Provided entries
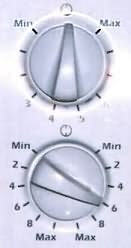 I recently burned dinner and destroyed a pan because I set the heat to high rather than to medium. The cause is the stove's badly designed controls. The picture shows two of the four controls on my fancy new stove. Three of the four burner controls are similar to the top one shown in the picture. The "Min" position is at about eleven o'clock and the "Max" is at about one. To set the burner on medium heat, for example, you turn the arrow to point down, somewhere around 6 o'clock. The lower control is the oddball. Note that it has two sets of Min and Max markings. This is a fancy burner that has both a small and a large heating element, and the more complicated control does double duty, letting you set either. The two markings on the left refer to the smaller diameter heating element while the two on the right a larger one. Most important, turning the arrow downward is likely to set the burner to MAX, not medium as on the other burners. That's exactly what I did. Wanting a medium setting, I merely flipped the arrow downward as I do on all the other controls.
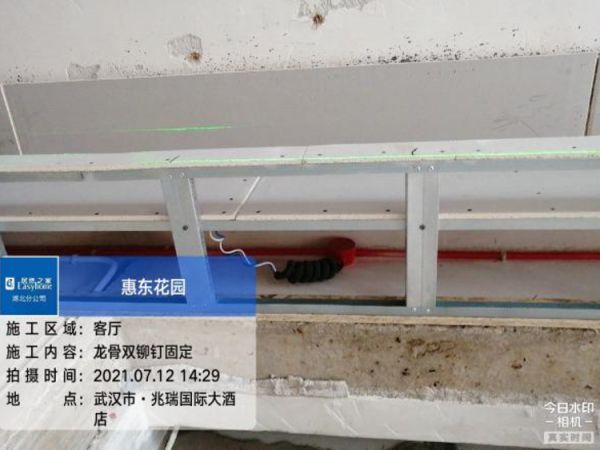 在吊顶施工中,吊顶拐角处居然装饰并不使用常见的两块板的拼接工艺,而是全部采用L形石膏板进行施工,最大程度的防止开裂问题。在龙骨与龙骨之间,居然装饰全部使用双铆钉进行固定,更好的保持了龙骨之间的水平距离,增加龙骨的安全性,而在边龙骨处,也全部使用膨胀螺丝进行固定,使吊顶更加稳固。
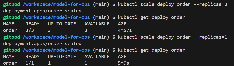 kubectl scale deploy order --replicas=3
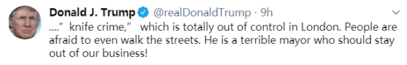 第二条推文中,特朗普又“数落”了一番萨迪克•汗的不是。他说,“汗应该关注的是“持刀犯罪,这在伦敦已经完全失去控制了。人们甚至不敢走在街上。他是个糟糕的市长,他不应该来管我们的事。”↓
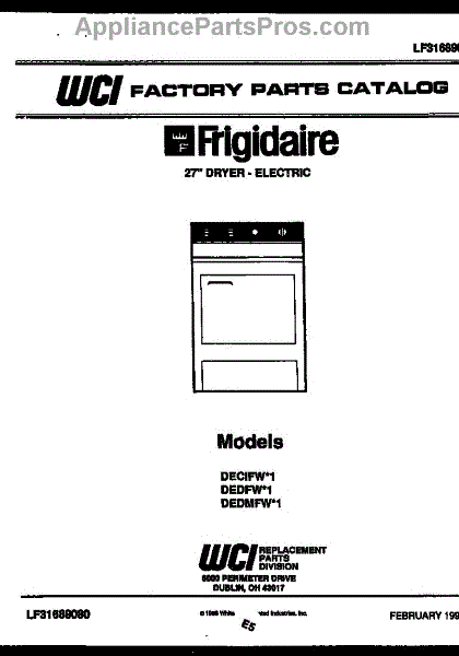 Parts for Frigidaire DECIFH1: 01 - Cover Parts
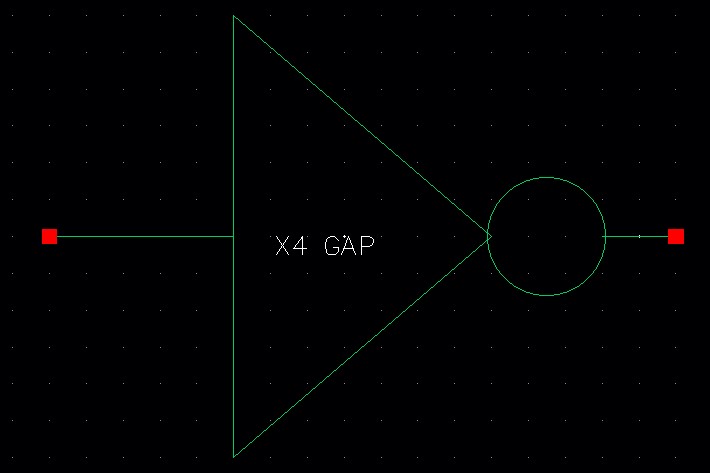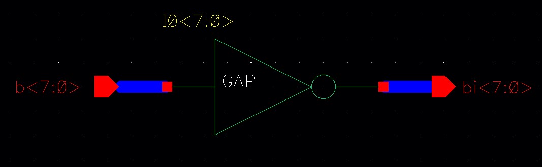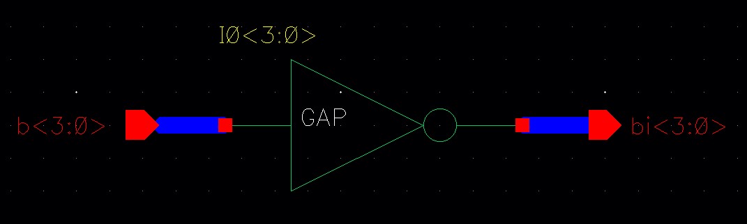 Make an equivalent, more concise, schematic by instantiating an inverter and naming the inverter using an arrayed name (I0<3:0>).
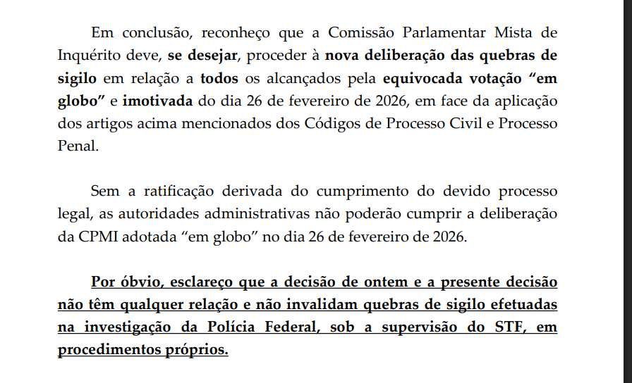 Ele disse ainda que embora CPIs tenham poderes para determinar quebras de sigilo, essas decisões devem seguir parâmetros semelhantes aos exigidos do Poder Judiciário.
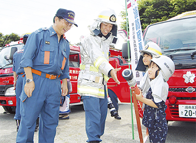 開成幼稚園(宇田川裕子園長)で7月12日に夏祭りが催され、開成町消防団(石井勝団長)の第4分団と特設第1分団が参加して、ポンプ車の展示などを通じて日頃の活動をPRした。
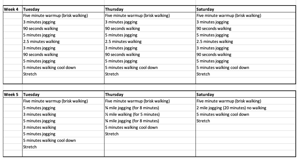 - When training for a race several month away it is easier to have an intermediate targets. Examples: complete training for the week per the training program, train 3 times this week, add some distance or time to a walk or run, etc.
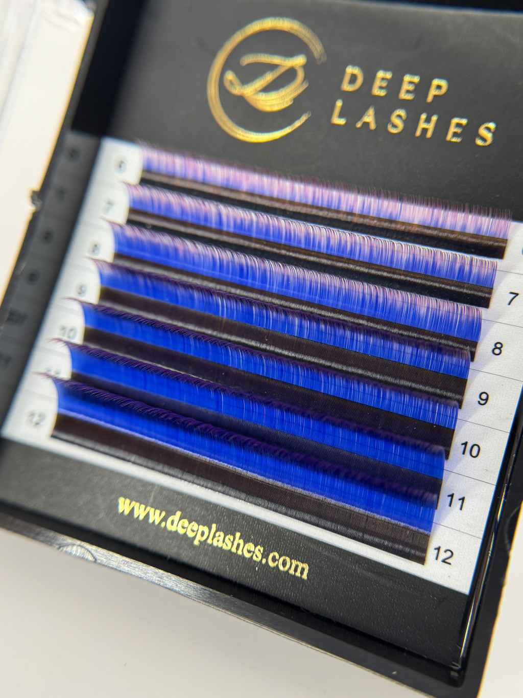 Deep Lashes 7 soros – MIX • Kék / Rózsaszín Ombre • 0.07 (6-12 mm) – Színes Műszempilla
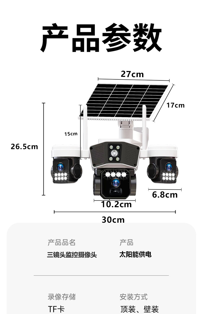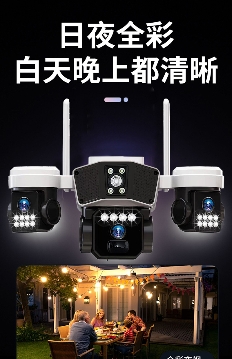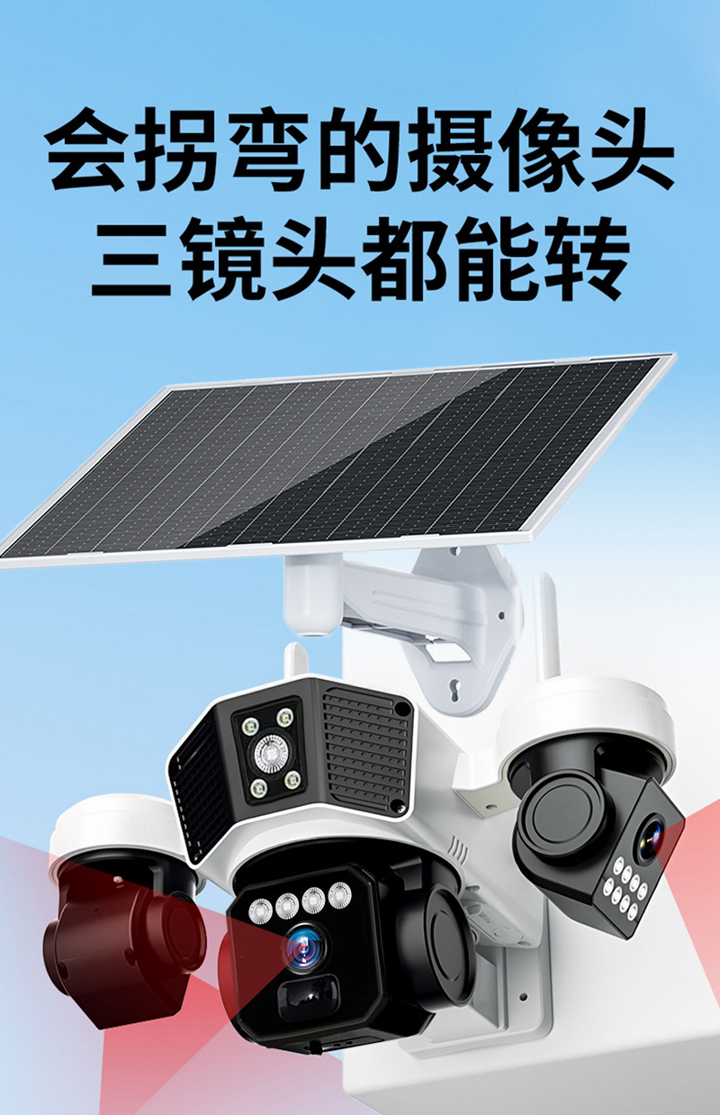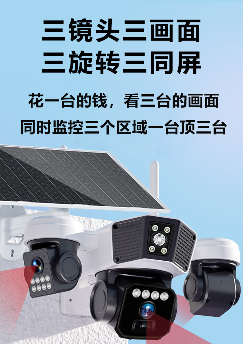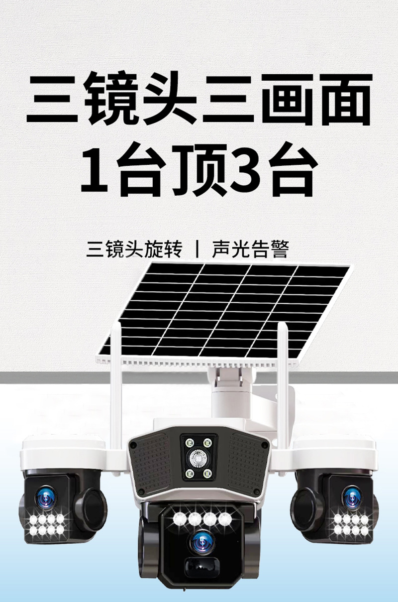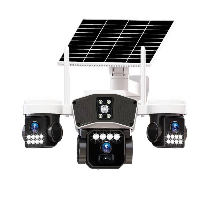 cross-border 4g solar three-lens surveillance outdoor waterproof camera night vision video mobile phone remote intelligent security
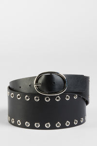 Elevate your casual looks with this edgy faux leather belt featuring a studded trim design for that cool-girl vibe.

Task requirements
Output the listing above exactly, but leave its pictures behind.

Solution to this task
 I recently burned dinner and destroyed a pan because I set the heat to high rather than to medium. The cause is the stove's badly designed controls. The picture shows two of the four controls on my fancy new stove. Three of the four burner controls are similar to the top one shown in the picture. The "Min" position is at about eleven o'clock and the "Max" is at about one. To set the burner on medium heat, for example, you turn the arrow to point down, somewhere around 6 o'clock. The lower control is the oddball. Note that it has two sets of Min and Max markings. This is a fancy burner that has both a small and a large heating element, and the more complicated control does double duty, letting you set either. The two markings on the left refer to the smaller diameter heating element while the two on the right a larger one. Most important, turning the arrow downward is likely to set the burner to MAX, not medium as on the other burners. That's exactly what I did. Wanting a medium setting, I merely flipped the arrow downward as I do on all the other controls.
 在吊顶施工中,吊顶拐角处居然装饰并不使用常见的两块板的拼接工艺,而是全部采用L形石膏板进行施工,最大程度的防止开裂问题。在龙骨与龙骨之间,居然装饰全部使用双铆钉进行固定,更好的保持了龙骨之间的水平距离,增加龙骨的安全性,而在边龙骨处,也全部使用膨胀螺丝进行固定,使吊顶更加稳固。
 kubectl scale deploy order --replicas=3
 第二条推文中,特朗普又“数落”了一番萨迪克•汗的不是。他说,“汗应该关注的是“持刀犯罪,这在伦敦已经完全失去控制了。人们甚至不敢走在街上。他是个糟糕的市长,他不应该来管我们的事。”↓
 Parts for Frigidaire DECIFH1: 01 - Cover Parts
 Make an equivalent, more concise, schematic by instantiating an inverter and naming the inverter using an arrayed name (I0<3:0>).
 Ele disse ainda que embora CPIs tenham poderes para determinar quebras de sigilo, essas decisões devem seguir parâmetros semelhantes aos exigidos do Poder Judiciário.
 開成幼稚園(宇田川裕子園長)で7月12日に夏祭りが催され、開成町消防団(石井勝団長)の第4分団と特設第1分団が参加して、ポンプ車の展示などを通じて日頃の活動をPRした。
 - When training for a race several month away it is easier to have an intermediate targets. Examples: complete training for the week per the training program, train 3 times this week, add some distance or time to a walk or run, etc.
 Deep Lashes 7 soros – MIX • Kék / Rózsaszín Ombre • 0.07 (6-12 mm) – Színes Műszempilla
 cross-border 4g solar three-lens surveillance outdoor waterproof camera night vision video mobile phone remote intelligent security
 Elevate your casual looks with this edgy faux leather belt featuring a studded trim design for that cool-girl vibe.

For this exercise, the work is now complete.